Thumb sucking vs. dummy | Pros and cons

Posted on May 3rd, 2018

If you’re unsure about whether it’s better to let your child suck her thumb or a dummy, take a look at the pros and cons of both.

If you’re unsure about whether thumb sucking or a dummy is better for your little one, it’s important to look at the pros an cons of both. Thumb sucking is obviously simpler, but is it healthier in the long run?

The main benefits of dummies

  • A dummy can soothe your baby and help her get to sleep; if disturbed at night, she’s likely to start sucking it and drift off again to sleep.
  • Dummies can be sterilised; fingers and thumbs can’t.
  • Dummies are far less harmful to the dental occlusion (the contact between the teeth of the lower- and upper jaw) than sucking on fingers.
  • Sucking a dummy gives your child a sense of security and comfort.

Using a dummy responsibly

  • Avoid letting your child use a dummy as an instant remedy; rather try to find the source of your baby’s crying.
  • Try not to let your child use a dummy regularly; see it as more of a short-term solution.
  • Never dip your child’s dummy into something sweet; this can cause tooth decay.
  • If your child is still using a dummy when she starts to speak, try to discourage her from having the dummy in her mouth when she tries to talk.
  • It’s fine to fall back on it when all else fails, but it’s not a good idea to start off each day by popping a dummy into your baby’s mouth.

Choosing a dummy

  • Find a dummy that is soft but firm and cylindrical, with a round end to enable tongue cupping. This is the tongue’s ability to grip the dummy when it is in your baby’s mouth. Tongue cupping is very important for successful breastfeeding and speech development.
  • The round end of the dummy should reach the soft, high palate to stimulate sucking, as well as the limbic (emotional) system of the brain, which will release all your “happy hormones”. The limbic system is the “feel-good” area of the brain. Therefore, sucking will help to calm your baby when she is stressed.
  • Dummies that are too flat or too short can lead to abnormal tongue movement, which can be difficult to overcome during the transition to breast or bottle-feeding.
  • The dummy should have a big, soft shield to prevent your baby from swallowing it. The shield will stimulate all the nerve endings around your baby’s mouth and will assist with lip closure.
  • The dummy should be a single unit without any loose parts and should have a grip your baby can hold onto. This will support the hands-to-mouth and midline positioning, self-soothing and self-regulation actions, and help to develop the integration of the left and right brain.

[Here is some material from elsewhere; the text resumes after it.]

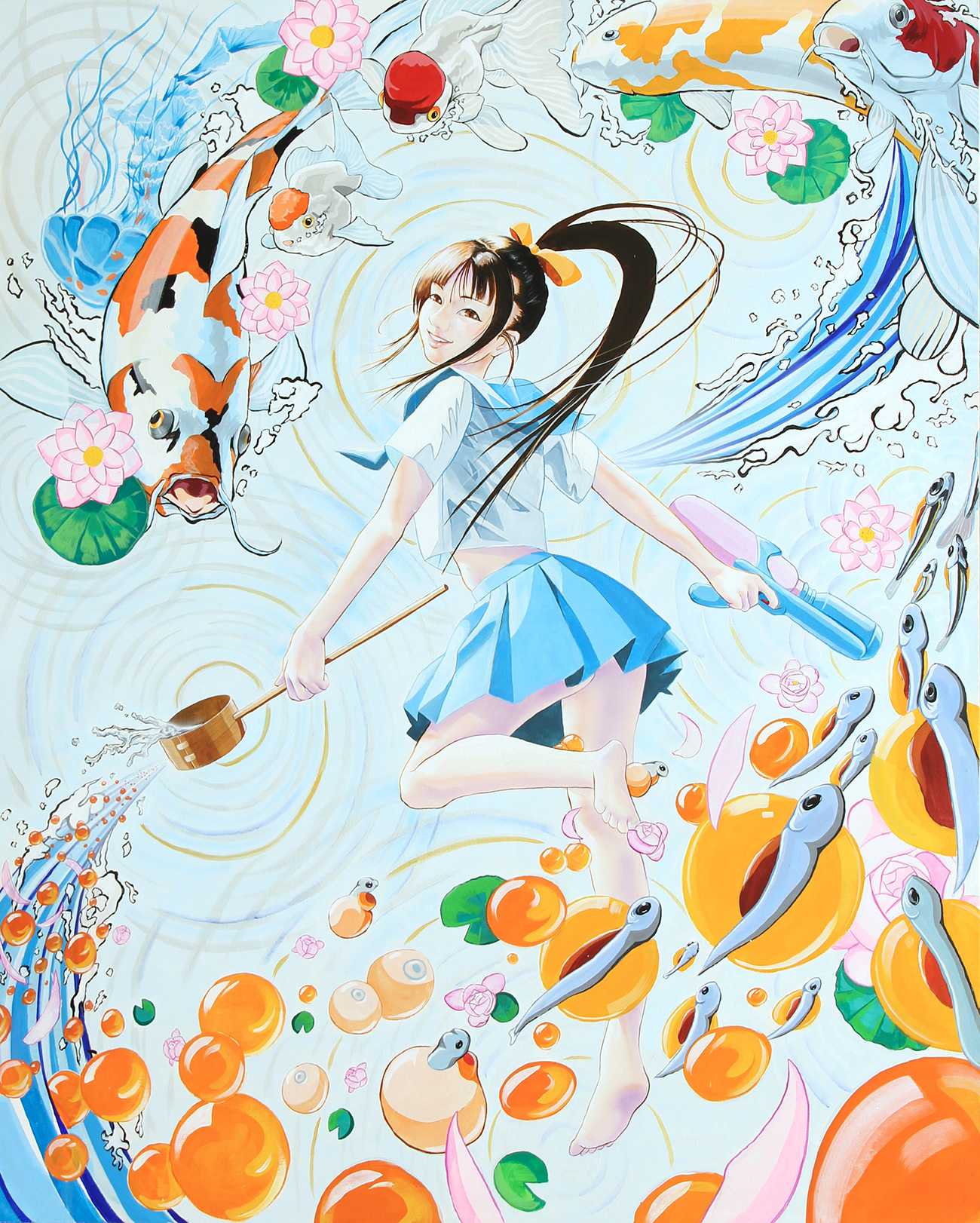 HOME 洋画コース 「電波炎上神性反抗少女・カグツチ」 「電波炎上神性反抗少女・カグツチ」 洋画コース 佐伯 呼南 162 × 130.3cm キャンバス/アクリル、コラージュ 画像を拡大 CLOSE 本制作では、日本の『古事記』に登場する水の神「ミズハノメガミ」と火の神「ヒノカミカグツチ」をモチーフに、神話を現代的に再構築した。水の神は寒色系を用いた清楚で無邪気な少女として、火の神は暖色系を基調に平成的なギャル像として描き、相反する性質を直感的に表現している。聖と俗、神話と現代が交錯する矛盾を内包した美を描くこと。それが、私にとっての神との対話であり、絵を描く理由の核心である。 「環状清泉神性調和少女・ミヅハノメ」 162 × 130.3cm キャンバス/アクリル Tag #アクリル画 #イメージを描く #洋画 佐伯 呼南 洋画コース CONTACT Share Xでシェアする LINEでシェアする このコースのその他作品 洋画コース 2025年度作品 作者松隈 あや 洋画コース 2025年度作品 作者加藤 敦史 洋画コース 2025年度作品 作者八木 貴子 洋画コース 2025年度作品 作者都築 久子 洋画コース 2025年度作品 作者村島 由里絵 洋画コース 2025年度作品 作者阪本 育代 洋画コース 2025年度作品 作者土田 あゆみ 洋画コース 2025年度作品 作者松井 葉子 洋画コース 2025年度作品 作者勝股 晴美 洋画コース 2025年度作品 作者小幡 智子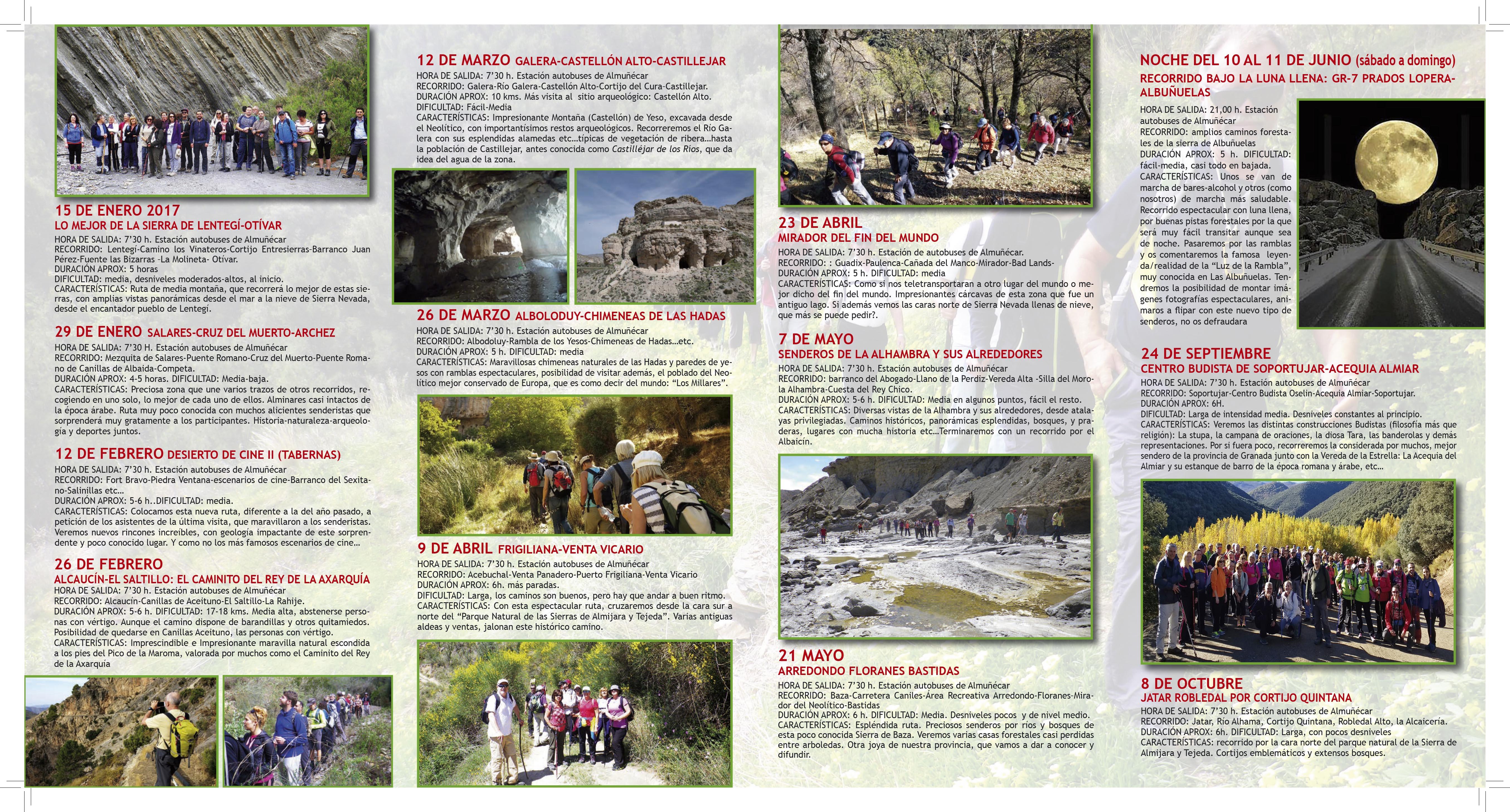 Esta será la primera de la casi veintena de rutas que recoge el nuevo programa de senderismo que no solamente se ha consolidado en el tiempo sino que supone una de las ofertas más importantes para conocer los mejores parajes de la provincia granadina y también zonas destacadas de la comarca de la Axarquía malagueña o el desierto almeriense de Tabernas.

ALSO SEE: 6 tips to wean your baby off the dummy. 

Thumb sucking

  • Thumb sucking is one of the first co-ordinated actions a baby can do. Most children outgrow this behaviour by the time they go to preschool, but beyond preschool it can become a problem – that is once permanent teeth start to come in.
  • Thumb sucking can cause malformation of the teeth and facial features. Therefore, it is important to help your little one stop sucking her thumb.

Tips to help your toddler stop sucking her thumb

  • Start by explaining to her why sucking her thumb is bad for her (that it will ruin her teeth by pushing them outwards and that she might need braces in future).
  • Give your little one extra attention and observe if anxiety is provoking the thumb sucking.
  • Dip her thumb into a harmless liquid that doesn’t taste nice – like vinegar or pickle juice – but don’t force her; rather ask for her permission first
  • and then explain to her why it’s for her own benefit.
  • Distract your child when you see her putting her thumb in her mouth. Try to engage her in an activity that requires both hands.
  • Offer small incentives to your child for each day spent without sucking her thumb.
  • Try a positive approach – if you encourage your child in a positive way with loads of praise, she can break the habit without shame or guilt.